High blood pressure can increase a person's risk of heart disease, stroke, kidney disorders and other health problems. Victims usually are prescribed medication as a form of treatment. However, the cost of medication and the possible side effects can be issues.
A vegetarian diet excludes individuals from eating meat, but may include dairy products and eggs. The diet places an emphasis on food that includes vegetables, grains, legumes and fruits.
"If a diet change can prevent blood pressure problems or can reduce blood pressure, it would give hope to many people," Yoko Yokoyama, lead author told Reuters Health in an email. "However, in order to make healthful food choices, people need guidance from scientific studies. Our analysis found that vegetarian diets lower blood pressure very effectively, and the evidence for this is now quite conclusive."
According to the American Heart Association, blood pressure readings under 120 mm Hg systolic and 80 mm Hg diastolic (120/80) are considered normal. Clinical hypertension pressure starts at 140/90.
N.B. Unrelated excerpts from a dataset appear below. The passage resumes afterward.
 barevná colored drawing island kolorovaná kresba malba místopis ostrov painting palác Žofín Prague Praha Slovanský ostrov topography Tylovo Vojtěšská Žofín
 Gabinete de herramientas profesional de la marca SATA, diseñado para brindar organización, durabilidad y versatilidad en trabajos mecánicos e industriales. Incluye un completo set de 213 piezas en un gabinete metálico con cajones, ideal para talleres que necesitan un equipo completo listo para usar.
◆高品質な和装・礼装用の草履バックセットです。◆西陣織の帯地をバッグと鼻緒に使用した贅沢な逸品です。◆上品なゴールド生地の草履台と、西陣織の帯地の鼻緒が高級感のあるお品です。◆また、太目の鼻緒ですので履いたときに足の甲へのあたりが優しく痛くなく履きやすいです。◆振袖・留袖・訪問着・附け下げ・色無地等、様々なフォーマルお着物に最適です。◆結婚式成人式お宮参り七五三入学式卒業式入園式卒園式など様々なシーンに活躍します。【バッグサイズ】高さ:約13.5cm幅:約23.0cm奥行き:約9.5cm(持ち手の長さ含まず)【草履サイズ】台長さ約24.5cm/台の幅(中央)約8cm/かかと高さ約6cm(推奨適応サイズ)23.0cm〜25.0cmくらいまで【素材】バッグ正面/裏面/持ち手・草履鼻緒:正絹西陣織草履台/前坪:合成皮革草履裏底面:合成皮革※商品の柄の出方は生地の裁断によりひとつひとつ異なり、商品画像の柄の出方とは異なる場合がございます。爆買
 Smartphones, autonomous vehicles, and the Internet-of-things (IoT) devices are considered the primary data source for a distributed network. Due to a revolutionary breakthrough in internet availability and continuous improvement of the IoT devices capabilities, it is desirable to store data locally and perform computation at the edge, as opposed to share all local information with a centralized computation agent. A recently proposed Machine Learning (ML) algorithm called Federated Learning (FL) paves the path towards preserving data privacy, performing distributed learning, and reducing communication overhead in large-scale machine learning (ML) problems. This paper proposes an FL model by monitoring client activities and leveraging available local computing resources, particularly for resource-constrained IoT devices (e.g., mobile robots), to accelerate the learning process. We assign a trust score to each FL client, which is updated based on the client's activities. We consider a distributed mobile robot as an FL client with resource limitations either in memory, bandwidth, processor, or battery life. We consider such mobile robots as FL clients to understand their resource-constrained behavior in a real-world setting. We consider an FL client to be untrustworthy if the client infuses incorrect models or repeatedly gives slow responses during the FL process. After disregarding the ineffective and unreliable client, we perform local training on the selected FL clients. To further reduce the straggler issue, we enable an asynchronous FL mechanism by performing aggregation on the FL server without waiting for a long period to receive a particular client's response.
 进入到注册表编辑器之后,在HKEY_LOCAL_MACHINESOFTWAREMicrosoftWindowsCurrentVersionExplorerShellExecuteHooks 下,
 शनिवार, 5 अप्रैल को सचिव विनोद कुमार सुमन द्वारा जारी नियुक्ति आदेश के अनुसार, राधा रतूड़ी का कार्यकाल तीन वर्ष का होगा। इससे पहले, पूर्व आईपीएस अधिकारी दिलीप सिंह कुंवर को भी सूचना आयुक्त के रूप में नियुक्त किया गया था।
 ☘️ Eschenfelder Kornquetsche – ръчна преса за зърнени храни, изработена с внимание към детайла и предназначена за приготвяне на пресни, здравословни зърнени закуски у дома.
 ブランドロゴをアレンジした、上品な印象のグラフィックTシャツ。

Research found that those who had a consistent vegetarian diet had an average systolic blood pressure of about 7 mm Hg lower, and a diastolic blood pressure that was 5 mm Hg lower, "than blood pressure readings of those who regularly ate meat and meat products."
"I would encourage physicians to prescribe plant-based diets as a matter of routine, and to rely on medications only when diet changes do not do the job," Yokoyama said. "And I would encourage everyone to try a plant-based diet, and especially to introduce plant-based diets to their children - they could prevent many health problems."
The results appeared in the journal JAMA Internal Medicine on Monday.